**Problem to work on:**
Output each record below exactly, leaving any picture out of the copy.

Collected data entries
========================
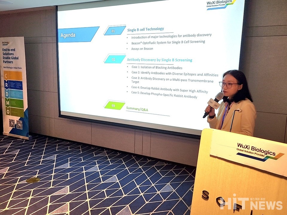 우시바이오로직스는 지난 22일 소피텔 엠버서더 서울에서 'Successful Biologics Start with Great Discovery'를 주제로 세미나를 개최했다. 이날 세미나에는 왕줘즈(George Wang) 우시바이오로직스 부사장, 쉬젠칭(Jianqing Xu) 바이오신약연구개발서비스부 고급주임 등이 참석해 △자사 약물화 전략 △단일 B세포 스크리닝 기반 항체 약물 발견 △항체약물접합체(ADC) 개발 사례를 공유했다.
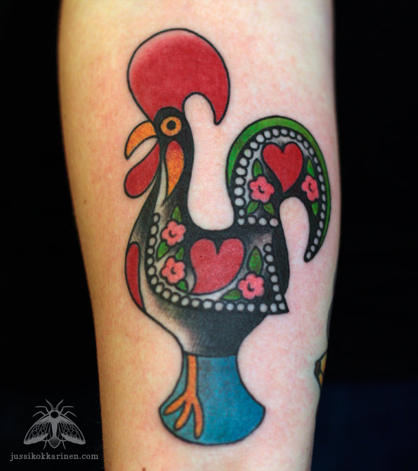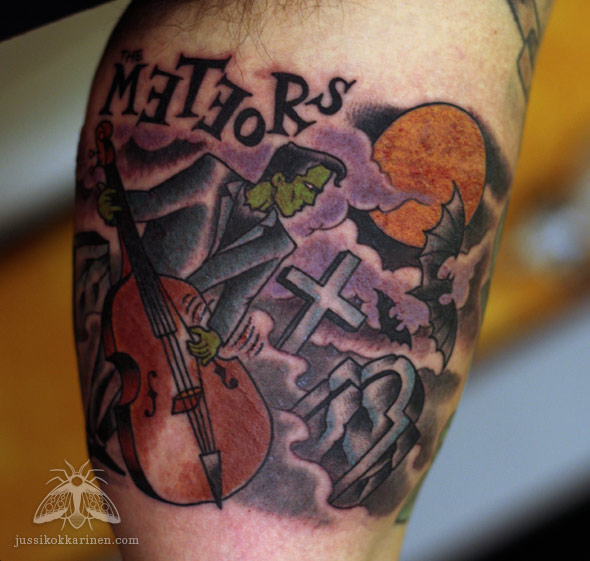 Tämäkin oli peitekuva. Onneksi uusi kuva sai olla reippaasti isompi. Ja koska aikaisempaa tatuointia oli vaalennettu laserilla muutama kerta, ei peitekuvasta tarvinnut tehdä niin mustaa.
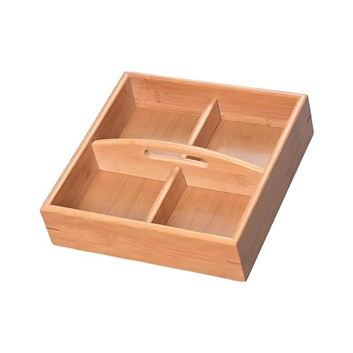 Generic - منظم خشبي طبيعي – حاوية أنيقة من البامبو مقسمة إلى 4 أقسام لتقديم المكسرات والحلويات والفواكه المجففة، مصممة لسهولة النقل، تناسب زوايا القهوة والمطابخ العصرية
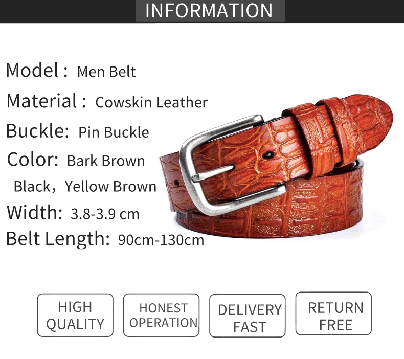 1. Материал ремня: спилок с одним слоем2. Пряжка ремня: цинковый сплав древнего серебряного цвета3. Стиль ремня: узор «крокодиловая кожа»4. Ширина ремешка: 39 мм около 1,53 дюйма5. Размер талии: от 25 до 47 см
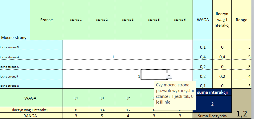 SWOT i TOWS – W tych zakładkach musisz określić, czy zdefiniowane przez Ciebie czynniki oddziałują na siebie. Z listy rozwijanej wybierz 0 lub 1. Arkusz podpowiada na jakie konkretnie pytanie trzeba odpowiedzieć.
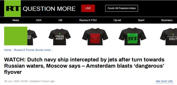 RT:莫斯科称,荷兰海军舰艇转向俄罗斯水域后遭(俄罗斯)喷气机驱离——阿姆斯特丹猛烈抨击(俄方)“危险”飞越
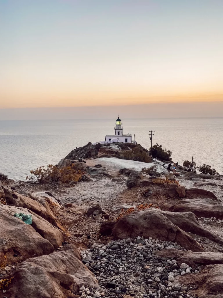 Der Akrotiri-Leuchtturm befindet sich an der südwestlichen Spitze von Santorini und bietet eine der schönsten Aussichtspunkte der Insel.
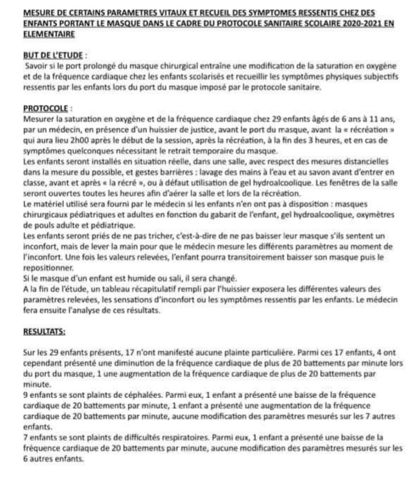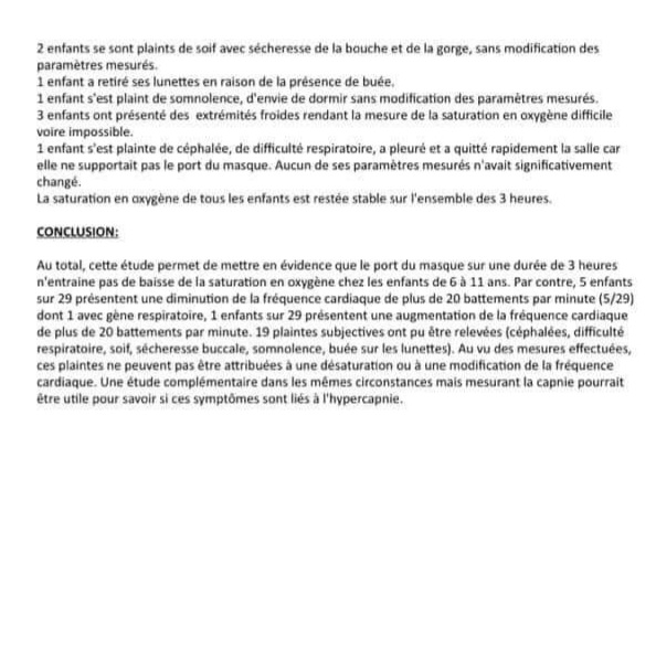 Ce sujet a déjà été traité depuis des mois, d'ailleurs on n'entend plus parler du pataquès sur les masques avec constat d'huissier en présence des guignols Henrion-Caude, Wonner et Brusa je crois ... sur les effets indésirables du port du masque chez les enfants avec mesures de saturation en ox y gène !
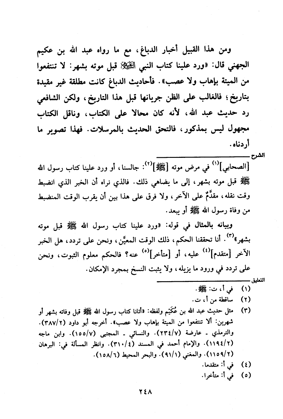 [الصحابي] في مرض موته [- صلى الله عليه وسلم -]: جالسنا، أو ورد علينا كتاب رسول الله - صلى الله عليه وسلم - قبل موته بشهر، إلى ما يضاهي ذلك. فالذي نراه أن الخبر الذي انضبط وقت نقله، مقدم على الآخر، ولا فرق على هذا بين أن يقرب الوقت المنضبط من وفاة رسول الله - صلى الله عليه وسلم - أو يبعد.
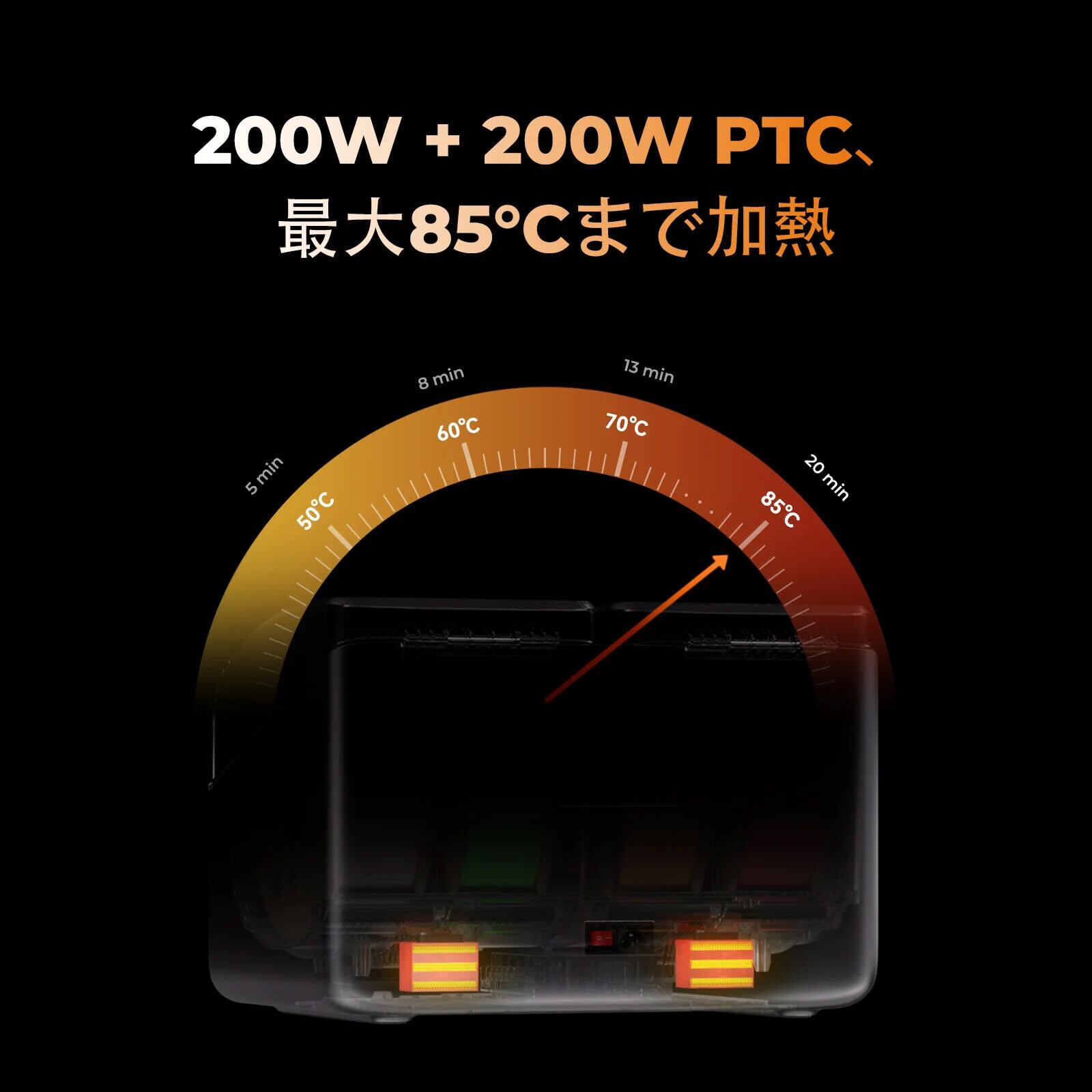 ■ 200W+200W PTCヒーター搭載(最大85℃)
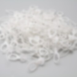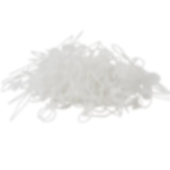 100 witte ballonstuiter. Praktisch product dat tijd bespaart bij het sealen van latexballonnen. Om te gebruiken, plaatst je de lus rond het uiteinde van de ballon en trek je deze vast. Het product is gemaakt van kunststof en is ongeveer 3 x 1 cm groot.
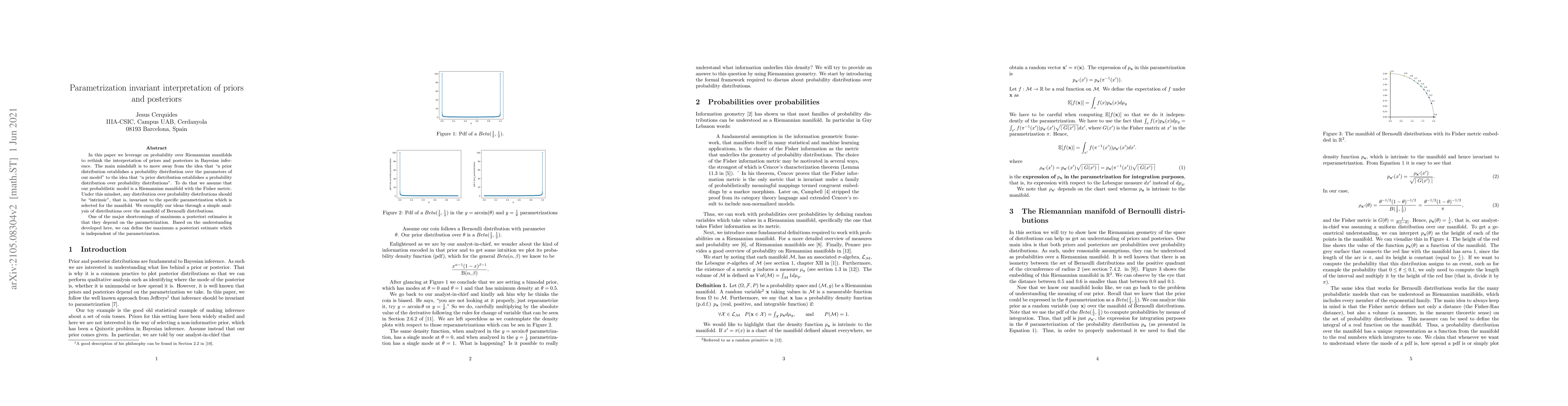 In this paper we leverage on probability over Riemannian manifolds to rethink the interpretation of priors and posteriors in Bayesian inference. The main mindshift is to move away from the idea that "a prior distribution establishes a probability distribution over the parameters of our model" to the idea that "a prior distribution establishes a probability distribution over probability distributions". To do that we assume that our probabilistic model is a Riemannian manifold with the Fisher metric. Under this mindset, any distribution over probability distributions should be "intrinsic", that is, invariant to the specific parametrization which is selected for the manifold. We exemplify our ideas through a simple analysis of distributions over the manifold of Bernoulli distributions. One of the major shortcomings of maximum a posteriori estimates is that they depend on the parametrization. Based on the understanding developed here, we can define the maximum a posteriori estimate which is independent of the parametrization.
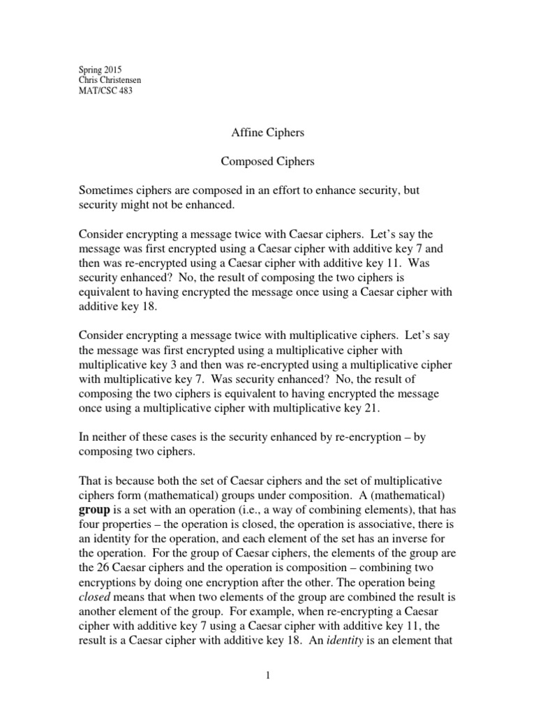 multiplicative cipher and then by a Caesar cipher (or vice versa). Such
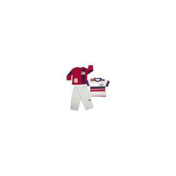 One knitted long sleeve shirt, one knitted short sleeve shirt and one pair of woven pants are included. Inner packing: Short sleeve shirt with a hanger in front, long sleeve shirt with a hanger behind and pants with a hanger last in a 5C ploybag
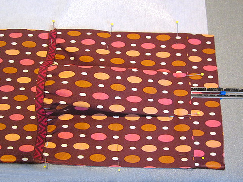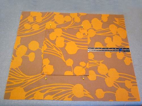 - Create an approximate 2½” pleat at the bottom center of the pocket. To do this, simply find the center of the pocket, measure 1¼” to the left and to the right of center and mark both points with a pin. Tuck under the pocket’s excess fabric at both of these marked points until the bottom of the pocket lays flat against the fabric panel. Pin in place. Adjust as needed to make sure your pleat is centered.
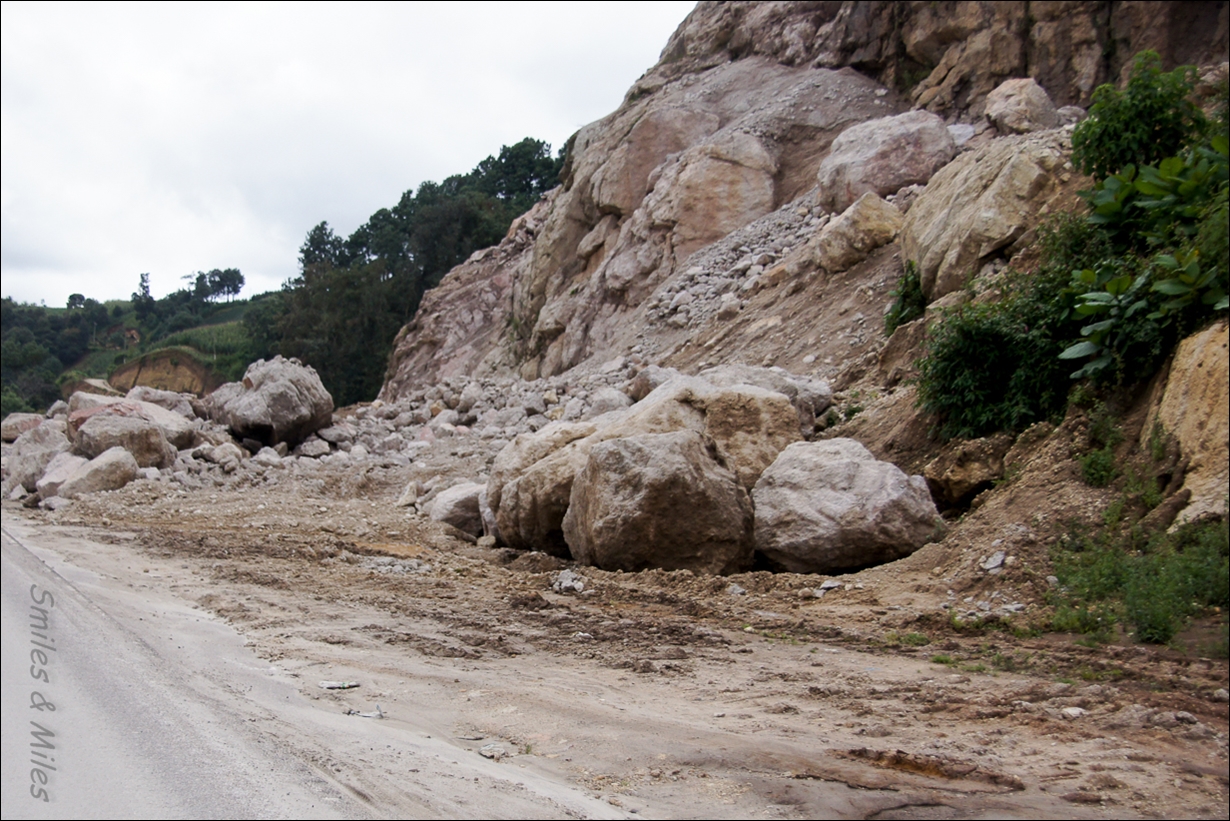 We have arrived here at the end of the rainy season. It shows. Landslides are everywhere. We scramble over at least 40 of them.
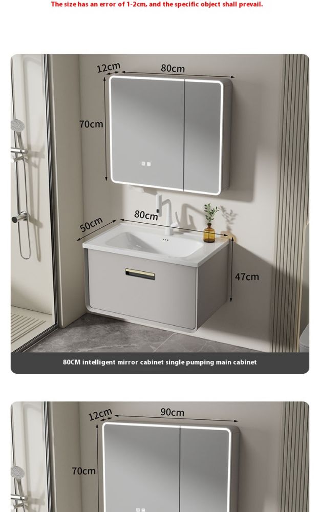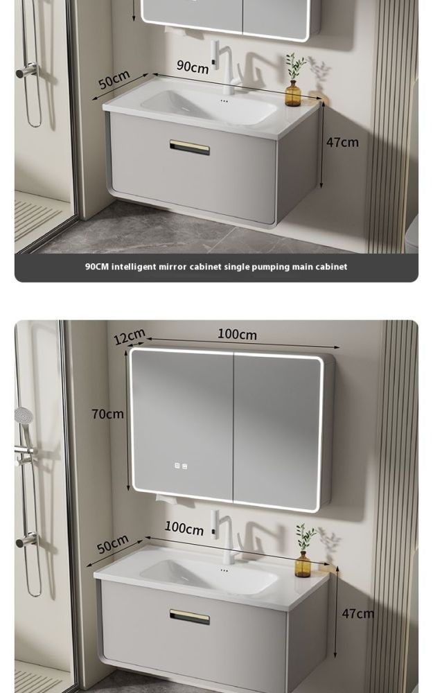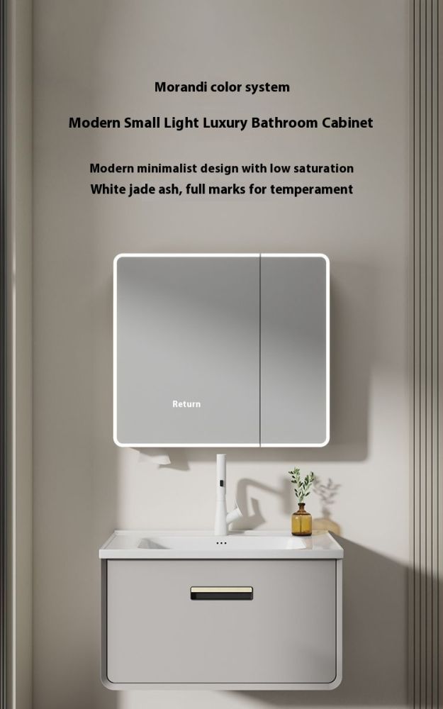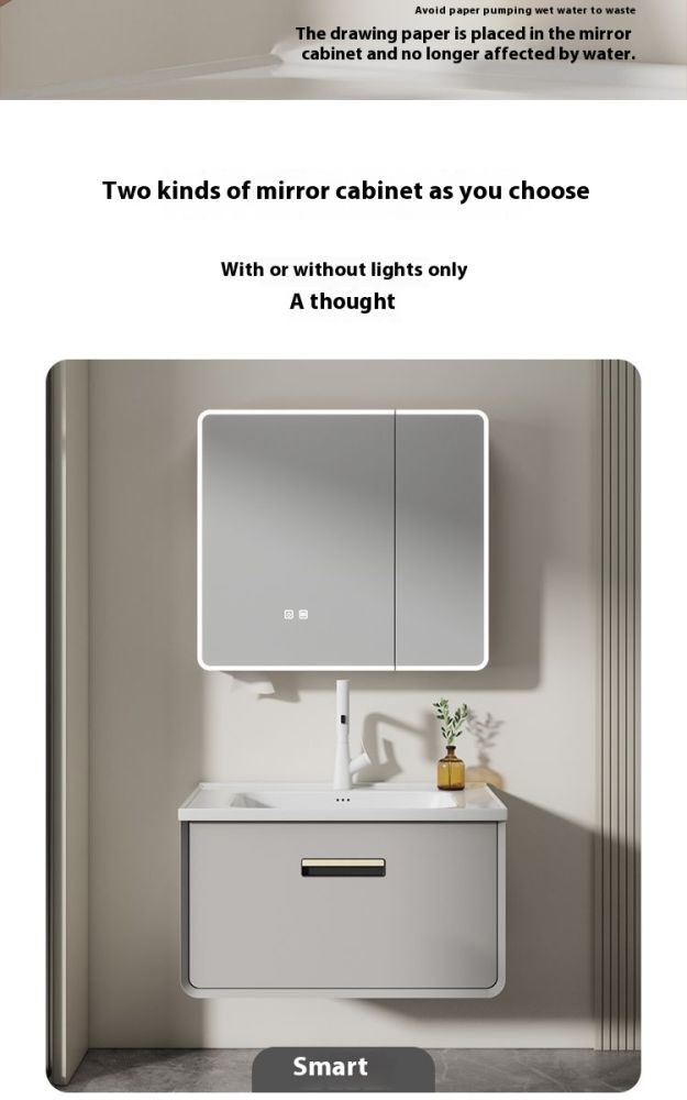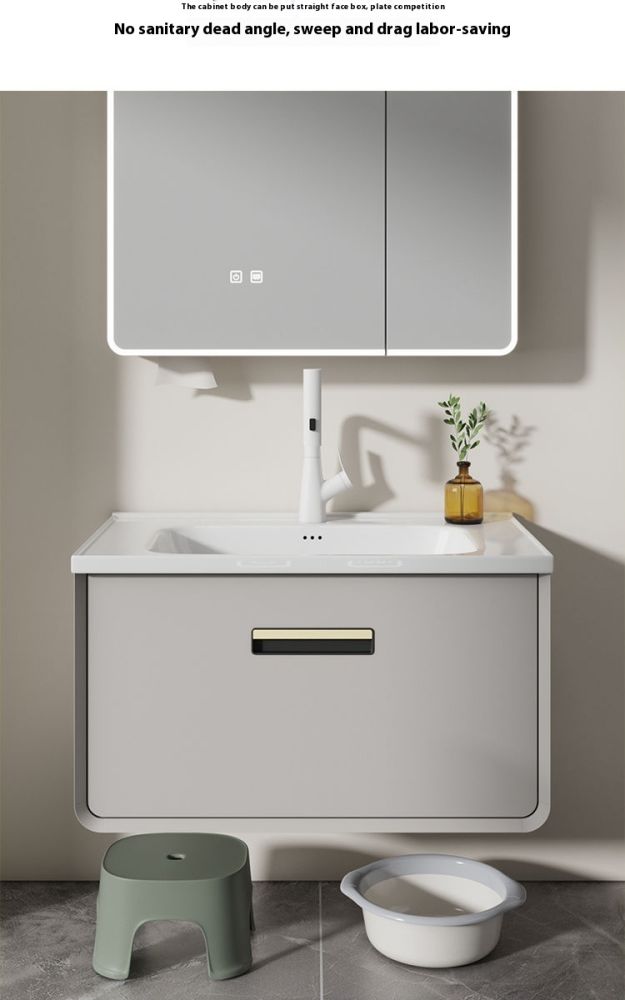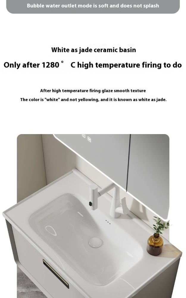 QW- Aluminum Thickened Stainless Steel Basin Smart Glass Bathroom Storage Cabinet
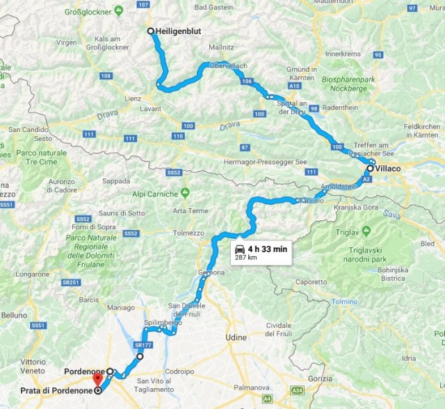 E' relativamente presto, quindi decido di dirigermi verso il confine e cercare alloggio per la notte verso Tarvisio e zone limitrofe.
========================
**Result for this task:**
 우시바이오로직스는 지난 22일 소피텔 엠버서더 서울에서 'Successful Biologics Start with Great Discovery'를 주제로 세미나를 개최했다. 이날 세미나에는 왕줘즈(George Wang) 우시바이오로직스 부사장, 쉬젠칭(Jianqing Xu) 바이오신약연구개발서비스부 고급주임 등이 참석해 △자사 약물화 전략 △단일 B세포 스크리닝 기반 항체 약물 발견 △항체약물접합체(ADC) 개발 사례를 공유했다.
 Tämäkin oli peitekuva. Onneksi uusi kuva sai olla reippaasti isompi. Ja koska aikaisempaa tatuointia oli vaalennettu laserilla muutama kerta, ei peitekuvasta tarvinnut tehdä niin mustaa.
 Generic - منظم خشبي طبيعي – حاوية أنيقة من البامبو مقسمة إلى 4 أقسام لتقديم المكسرات والحلويات والفواكه المجففة، مصممة لسهولة النقل، تناسب زوايا القهوة والمطابخ العصرية
 1. Материал ремня: спилок с одним слоем2. Пряжка ремня: цинковый сплав древнего серебряного цвета3. Стиль ремня: узор «крокодиловая кожа»4. Ширина ремешка: 39 мм около 1,53 дюйма5. Размер талии: от 25 до 47 см
 SWOT i TOWS – W tych zakładkach musisz określić, czy zdefiniowane przez Ciebie czynniki oddziałują na siebie. Z listy rozwijanej wybierz 0 lub 1. Arkusz podpowiada na jakie konkretnie pytanie trzeba odpowiedzieć.
 RT:莫斯科称,荷兰海军舰艇转向俄罗斯水域后遭(俄罗斯)喷气机驱离——阿姆斯特丹猛烈抨击(俄方)“危险”飞越
 Der Akrotiri-Leuchtturm befindet sich an der südwestlichen Spitze von Santorini und bietet eine der schönsten Aussichtspunkte der Insel.
 Ce sujet a déjà été traité depuis des mois, d'ailleurs on n'entend plus parler du pataquès sur les masques avec constat d'huissier en présence des guignols Henrion-Caude, Wonner et Brusa je crois ... sur les effets indésirables du port du masque chez les enfants avec mesures de saturation en ox y gène !
 [الصحابي] في مرض موته [- صلى الله عليه وسلم -]: جالسنا، أو ورد علينا كتاب رسول الله - صلى الله عليه وسلم - قبل موته بشهر، إلى ما يضاهي ذلك. فالذي نراه أن الخبر الذي انضبط وقت نقله، مقدم على الآخر، ولا فرق على هذا بين أن يقرب الوقت المنضبط من وفاة رسول الله - صلى الله عليه وسلم - أو يبعد.
 ■ 200W+200W PTCヒーター搭載(最大85℃)
 100 witte ballonstuiter. Praktisch product dat tijd bespaart bij het sealen van latexballonnen. Om te gebruiken, plaatst je de lus rond het uiteinde van de ballon en trek je deze vast. Het product is gemaakt van kunststof en is ongeveer 3 x 1 cm groot.
 In this paper we leverage on probability over Riemannian manifolds to rethink the interpretation of priors and posteriors in Bayesian inference. The main mindshift is to move away from the idea that "a prior distribution establishes a probability distribution over the parameters of our model" to the idea that "a prior distribution establishes a probability distribution over probability distributions". To do that we assume that our probabilistic model is a Riemannian manifold with the Fisher metric. Under this mindset, any distribution over probability distributions should be "intrinsic", that is, invariant to the specific parametrization which is selected for the manifold. We exemplify our ideas through a simple analysis of distributions over the manifold of Bernoulli distributions. One of the major shortcomings of maximum a posteriori estimates is that they depend on the parametrization. Based on the understanding developed here, we can define the maximum a posteriori estimate which is independent of the parametrization.
 multiplicative cipher and then by a Caesar cipher (or vice versa). Such
 One knitted long sleeve shirt, one knitted short sleeve shirt and one pair of woven pants are included. Inner packing: Short sleeve shirt with a hanger in front, long sleeve shirt with a hanger behind and pants with a hanger last in a 5C ploybag
 - Create an approximate 2½” pleat at the bottom center of the pocket. To do this, simply find the center of the pocket, measure 1¼” to the left and to the right of center and mark both points with a pin. Tuck under the pocket’s excess fabric at both of these marked points until the bottom of the pocket lays flat against the fabric panel. Pin in place. Adjust as needed to make sure your pleat is centered.
 We have arrived here at the end of the rainy season. It shows. Landslides are everywhere. We scramble over at least 40 of them.
 QW- Aluminum Thickened Stainless Steel Basin Smart Glass Bathroom Storage Cabinet
 E' relativamente presto, quindi decido di dirigermi verso il confine e cercare alloggio per la notte verso Tarvisio e zone limitrofe.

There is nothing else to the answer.